> _Input data_
+===+

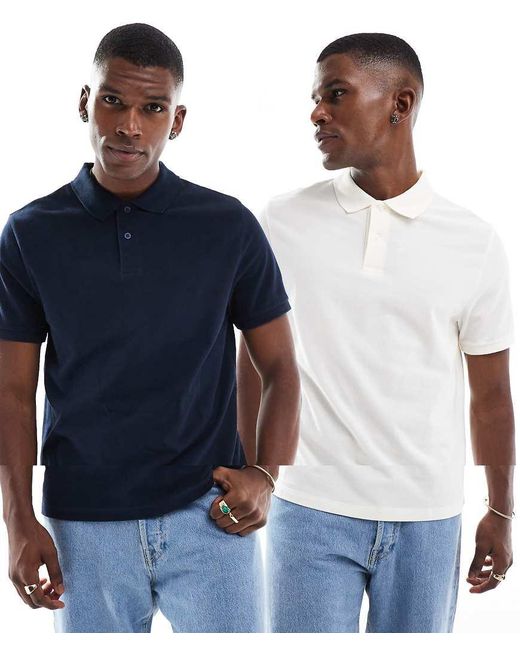Poloshirt van ASOS DESIGN Set van twee stuks Met polokraag Gedeeltelijke knoopbies Korte mouwen Regular fit Kleur: blauw
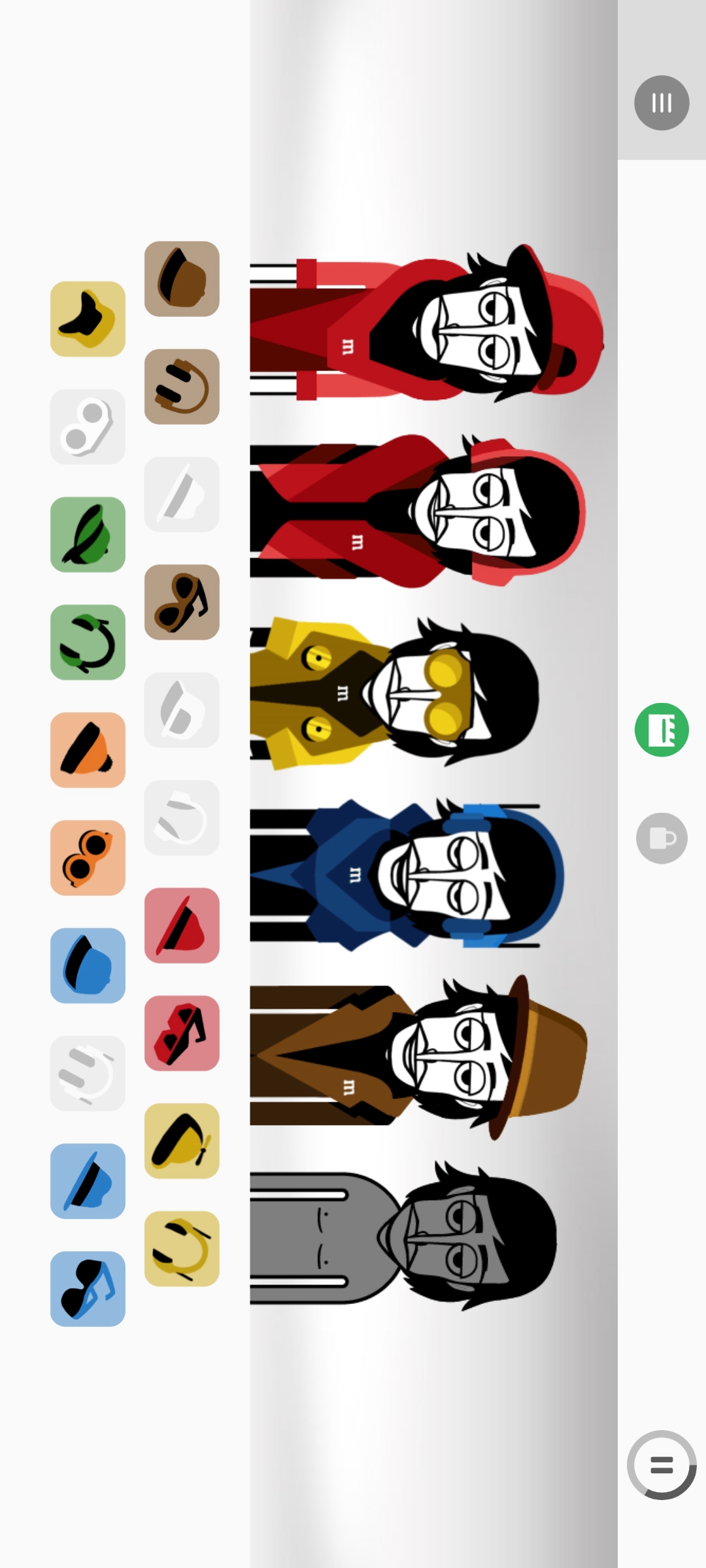 游戏风格独自成一派,源自一个玩B-BOX的音乐网站,通过录制的方式分享给他人,没想到出了移动端,操作也很简单,直接拖动不同颜色的装饰物(乐器)给人物戴上即可,自行编奏一首嘻哈曲,玩着蛮上瘾的,很有节奏的鼓点,有种在打碟的感觉。
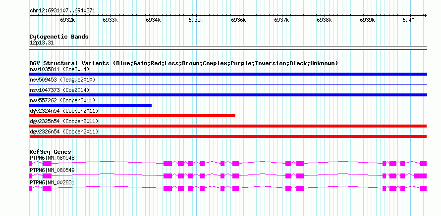 Variant DetailsVariant: dgv2326n54| Internal ID | 20135750 | | Landmark | | | Location Information | | | Cytoband | 12p13.31 | | Allele length | | Assembly | Allele length | | hg38 | 9265 | | hg19 | 9265 | | hg18 | 9265 |
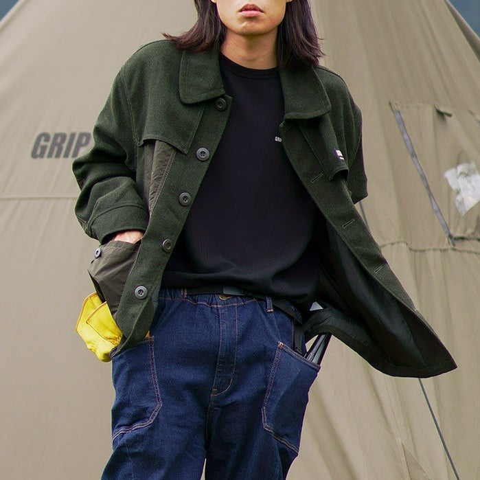 「ウールライクな生地を使った【GSMJ-058】 MACKINAW JACKETを合わせオーセンティックなアウトドアスタイルにまとめてみました。ポケットは大容量でグローブなどのギアだけでなく、ペグや火おこし用の木の枝などをちょっと入れておきたいなんてシーンで便利。サイズは一般的なLサイズですが腰回りがゆったりとしていてかなりリラックス感があります。」

+===+

> _Work item_
Copy nothing but the lines from the line that contains "Variant DetailsVariant: dgv2326n54|" through the end of the listing, exactly, and keep pictures out of it.

> _Expected answer_
 Variant DetailsVariant: dgv2326n54| Internal ID | 20135750 | | Landmark | | | Location Information | | | Cytoband | 12p13.31 | | Allele length | | Assembly | Allele length | | hg38 | 9265 | | hg19 | 9265 | | hg18 | 9265 |
 「ウールライクな生地を使った【GSMJ-058】 MACKINAW JACKETを合わせオーセンティックなアウトドアスタイルにまとめてみました。ポケットは大容量でグローブなどのギアだけでなく、ペグや火おこし用の木の枝などをちょっと入れておきたいなんてシーンで便利。サイズは一般的なLサイズですが腰回りがゆったりとしていてかなりリラックス感があります。」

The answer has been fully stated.